Walkers or joggers generate a distictive wavy pattern (FM signal) in the spectrogram from the ~2 Hz motion of their arms and legs, and of course they move much slower than cars. As cars pass nearby the sensor, reflections from different parts of the rotating wheels generate some velocity spread. The top of the wheel is moving 2X the car speed, while the bottom of the wheel is momentarily near 0 speed. All such effects depend on reflectivity of the various parts so it is less visible on wheel hubs with a smoother profile. If a vehicle is very close to the sensor while another one passes, you may get a signal from more than one angle at once, as part of the radar energy ping-pongs off one surface and then another.

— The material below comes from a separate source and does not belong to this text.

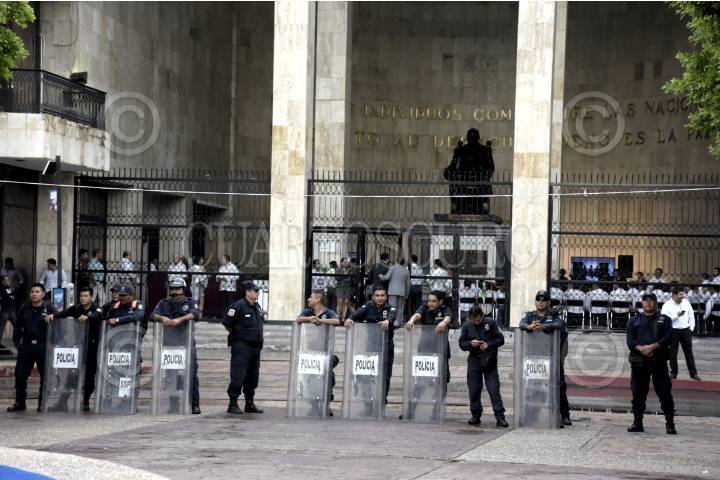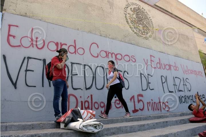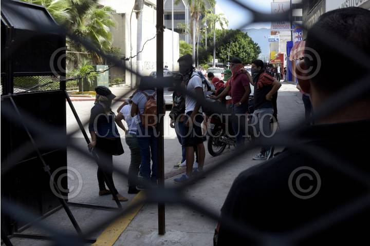 TUXTLA GUTIÉRREZ, CHIAPAS, 23AGOSTO2018.- Estudiantes normalistas bloquearon los accesos al palacio de gobierno para exigir diálogo con las autoridades para que les sean entregadas las plazas docentes correspondientes. FOTO: JACOB GARCÍA /CUARTOSCURO.COM
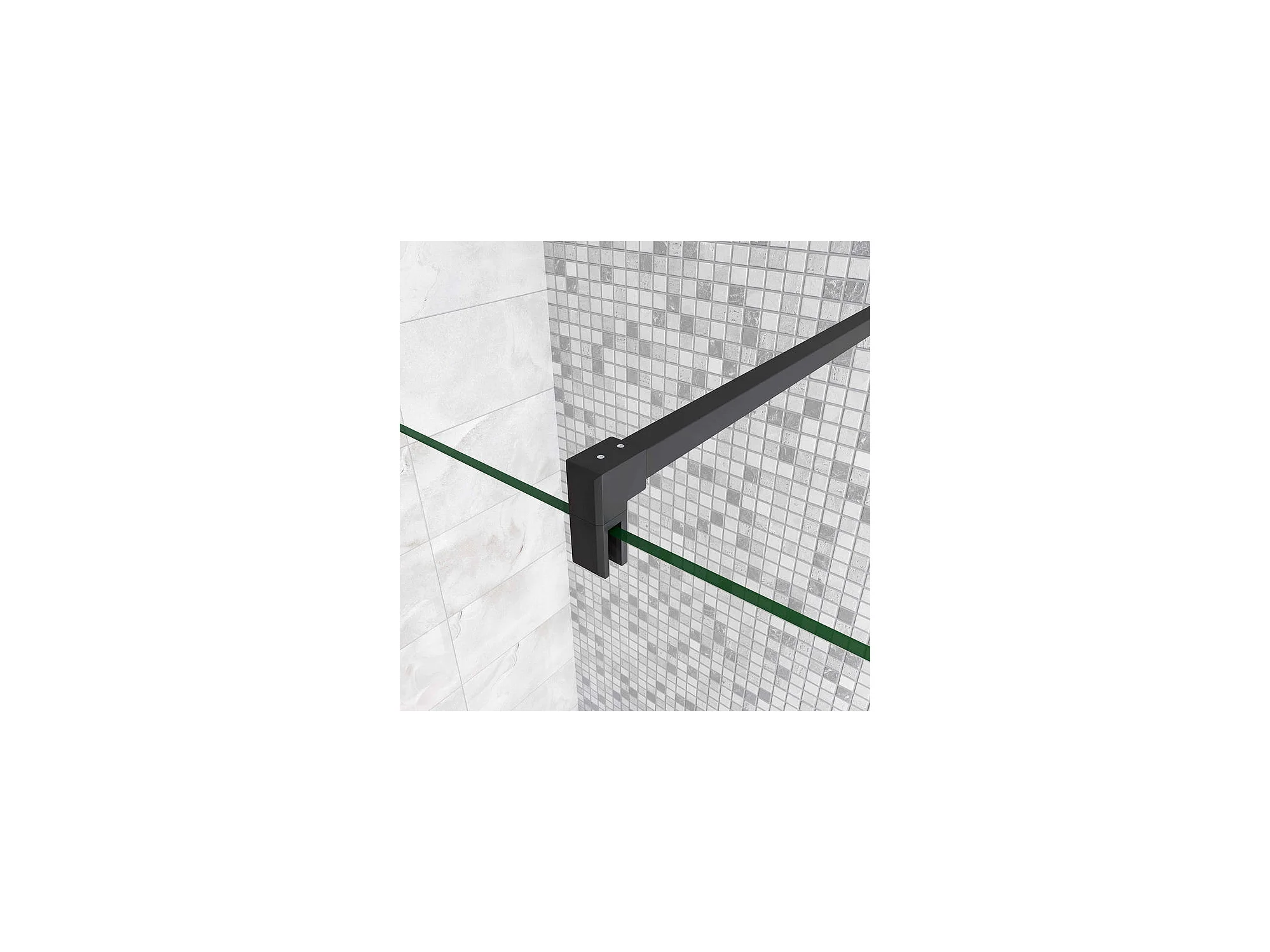 Paroi de douche fixe à l'italienne 70+30x200cm avec retour pivotant - Noir - avec barre de fixation 73-120cm en carré

Given that the green signal is from the left-pointing sensor, you can see below a person walking left to right at a steady pace (here, 4 mph). Later by a truck passes by going the same way. The truck speeds up slightly to 19 mph, then slows down quickly as it departs to the right. There is a spike in the pedestrian signal just as he passes by. He was holding a cellphone in his hand and this may have been a momentary glint reflecting off the flat metal case.

Walk-Truck

If you have a sensor with both I/Q outputs (quadrature) you can directly detect the difference between motion toward and away from the sensor. This plot shows a spectrogram including negative frequencies, of the complex I/Q signal from a YH-24G01 24GHz module. This is me walking about 11 meters away and then back. I was careful to walk centered on-axis along the relatively tight antenna pattern of this module. The code which made this plot is "plotIQ.py" in this github directory.